If you need any additional proof that "Eaten Alive" flatlines, look no further than the incredibly inept pacing. What was Tobe Hooper thinking when he let scenes run on this long without a satisfying resolution? How long does that little girl crawl around under the porch? Marilyn Burns screams and screams while bound on a bed for what seems like an eternity. Judd listens to country and western records while rambling in Sanskrit FOREVER. While we're at it, lets mention the awful lighting effects and the red tinted sky. In what part of this world is there a place where the sky is red all of the time? I'm not even going to go into as much depth as I should in describing the horribly cheesy looking alligator in Judd's pond except to say that is horrible and not in a good way cheesy. Watching this film was the equivalent of a surgeon performing your liver transplant with a pair of tweezers.

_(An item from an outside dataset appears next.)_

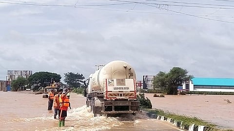 शिरोली पुलाची (कोल्हापूर) : पुणे - बंगळूर राष्ट्रीय महामार्गावरील (Pune Bangalore National Highway) वाहतूक तब्बल चार दिवसांनी सकाळी दहा वाजता सुरू झाली. कोल्हापूरच्या दिशेने जाणाऱ्या महामार्गावर सुमारे एक फूट पाण्यातून सुरवातीला पाण्याचा टँकर सोडण्यात आला. त्यानंतर पाणी, पेट्रोल, डिझेल, दूध, ऑक्सीजन व मालवाहतूक (Water, petrol, diesel, milk, oxygen) ही अत्यावश्यक सेवेतील अवजड वाहणे सोडण्यात आली. महामार्गावर एका बाजूला सुरक्षीततेसाठी पॉकलॅड उभा करण्यात आला आहे. अत्यावश्यक सेवेतील वाहन कोल्हापूरात पोचल्याने, शहरातील पेट्रोल, डिझेल उपलब्ध होणार आहे. तसेच पुणे महापालिकेचे पाण्याचे टॅंकर शहरात पोचले आहेत, त्यामुळे शहरात टॅंकरने पाणी पुरवठा सुरळीत होण्यास मदत होणार आहे.

In the final analysis, "Eaten Alive" definitely ranks as one of the worst films I have ever seen. Nothing works here in any way, shape, or form. Perhaps the most amazing aspect of the film is that Tobe Hooper managed to get more work afterwards. He went on to assist in the making of "Poltergeist" and helmed the intriguing "Lifeforce" in the 1980s. He still works today, although one hopes that he occasionally wakes up in a cold sweat for having produced this car wreck.